Consider the first few polylogarithm functions $\text{Li}_{-n}(x)$, where $-n$ is a negative integer and $x\in\mathbb R$ (plotted below). Observation suggests that $\text{Li}_{-1}(x)$ has one zero (at $x=0$), $\text{Li}_{-2}(x)$ has two zeros (one at $x=0$, and one at $x=-1$), and more generally, $\text{Li}_{-n}(x)$ has $n$ zeroes (one at $x=0$, and the rest satisfying $x<0$).
Are there closed-form expressions for these zeroes? In other words, is there a general formula giving the $m$th zero of $\text{Li}_{-n}(x)$?
If you consider $$P_n(x)=\frac{(1-x)^{n+1} }{x}\,\text{Li}_{-n}(x)$$ they are palindromic polynomials of degree $(n-1)$. $$\left( \begin{array}{cc} n & P_n(x) \\ 1 & 1 \\ 2 & x+1 \\ 3 & x^2+4 x+1 \\ 4 & x^3+11 x^2+11 x+1 \\ 5 & x^4+26 x^3+66 x^2+26 x+1 \\ 6 & x^5+57 x^4+302 x^3+302 x^2+57 x+1 \\ 7 & x^6+120 x^5+1191 x^4+2416 x^3+1191 x^2+120 x+1 \end{array} \right)$$ Then, as usual, you can have their analytical solutions up to $n=5$ remembering that is $a$ is a root $\frac 1 a$ is another one and that, if $n$ is even, $-1$ is a root of $P_n(x)$.

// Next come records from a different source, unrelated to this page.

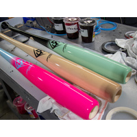 The Pro Prime Maple TPD1 Torpedo-Shaped Baseball Bat is engineered to help players maximize performance and hit more pitches on the sweet spot. This bat is reshaped to shift mass from the end of the barrel toward the center brand, adding more weight to the sweet spot and helping players consistently barrel up the ball with more power. This pink and sky blue maple bat is pro hardened using steel rods to compress the wood and create a harder, denser surface along the length of the barrel. The Pro Prime TPD1 features a slight handle taper for improved comfort, and its UV light treated Pro Series Finish creates a hard, high-gloss topcoat.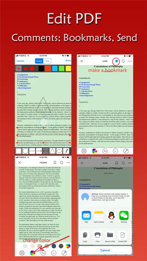 PDF reading: change text color, modify text size, browse PDF, bookmark, send document;
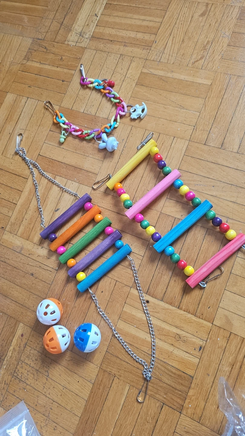 This set includes a colourful wooden ladder swing and a chain with dangling toys. Also includes three chew balls for your bird's enrichment. Great for parrots and other small birds! New . Cash only
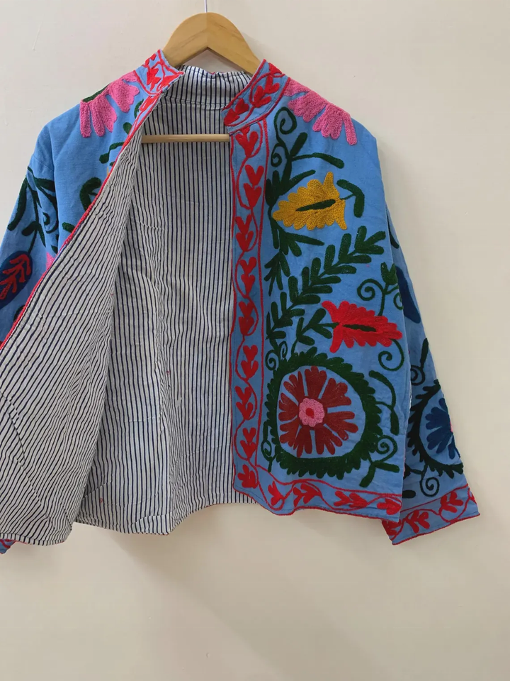 Suzani เสื้อโค้ทผ้าฝ้ายวินเทจแจ็กเก็ตปักลายอินเดียแจ็กเก็ตโบโฮบุผ้าคอตตอน

Beside this very limited information, I do not know anything else but I would be surprised to see a closed form solution.
Edit
However, we can make rather good approximation using firt Taylor series built around $x=0$ $$P_n(x)=1+\sum_{k=1}^p c_k x^k$$ where the very first coefficients are given by $$\left( \begin{array}{cc} k & c_k \\ 1 & 2^n-(n+1) \\ 2 & 3^n-2^n (n+1)+\frac{ (n+1)n}{2} \\ 3 & 4^n-3^n (n+1)+2^n \frac{ (n+1)n}2-\frac{(n+1)n(n-1)}{6} \\ 4 & 5^n-4^n (n+1)+3^n\frac{ (n+1)n}{2}-2^{n}\frac{(n+1)n(n-1)}{6} +\frac{(n+1)n(n-1) (n-2)}{24} \end{array} \right)$$ which reveals clear and simple patterns.
From this, we could make series reversion to get $$x=-\frac {1}{c_1}-\frac {c_2}{c_1^3}-\frac {2c_2^2-c_1c_3}{c_1^5}-\frac {5c_2^3-5c_1c_2c_3+c_1^2c_4}{c_1^7}\tag1$$ or, more than likely better, use one level above Householder method $$x=-\frac{c_1^3-2 c_1 c_2+c_3}{c_1^4-3 c_1^2c_2 +2 c_1 c_3+c_2^2-c_4}\tag2$$
Some results
$$\left( \begin{array}{cccc} n & \text{from }(1) & \text{from }(2) & \text{exact } \\ 3 & -0.267883300781 & -0.267942583732 & -0.267949192431 \\ 4 & -0.100918342637 & -0.101010101010 & -0.101020514434 \\ 5 & -0.043044294676 & -0.043091520063 & -0.043096288203 \\ 6 & -0.019506385927 & -0.019522790309 & -0.019524242690 \\ 7 & -0.009143733121 & -0.009148332808 & -0.009148694810 \\ 8 & -0.004374958453 & -0.004376077576 & -0.004376157646 \\ 9 & -0.002121044838 & -0.002121290533 & -0.002121306903 \\ 10 & -0.001037447933 & -0.001037497866 & -0.001037501034 \end{array} \right)$$ For sure, all of the above can be improved pushing the expansion or increasing the order of the iterative method.
Another thing which could be done (in particular if accurate asymptotics are looked for) is to perform a first order Taylor expansion around $x=a=-\frac 1 {2^n-(n+1)}$ and obtain $$x=\frac{a ((a-1) \text{Li}_{-n-1}(a)+(a (n-1)+2) \text{Li}_{-n}(a))}{(a-1) \text{Li}_{-n-1}(a)+(a n+1) \text{Li}_{-n}(a)}$$
For $n=20$, the above would give $x=-9.56717000\times 10^{-7}$ while the exact solution is $-9.56717029\times 10^{-7}$; for the same $n=20$, $(1)$ and $2$ would give exactly the result.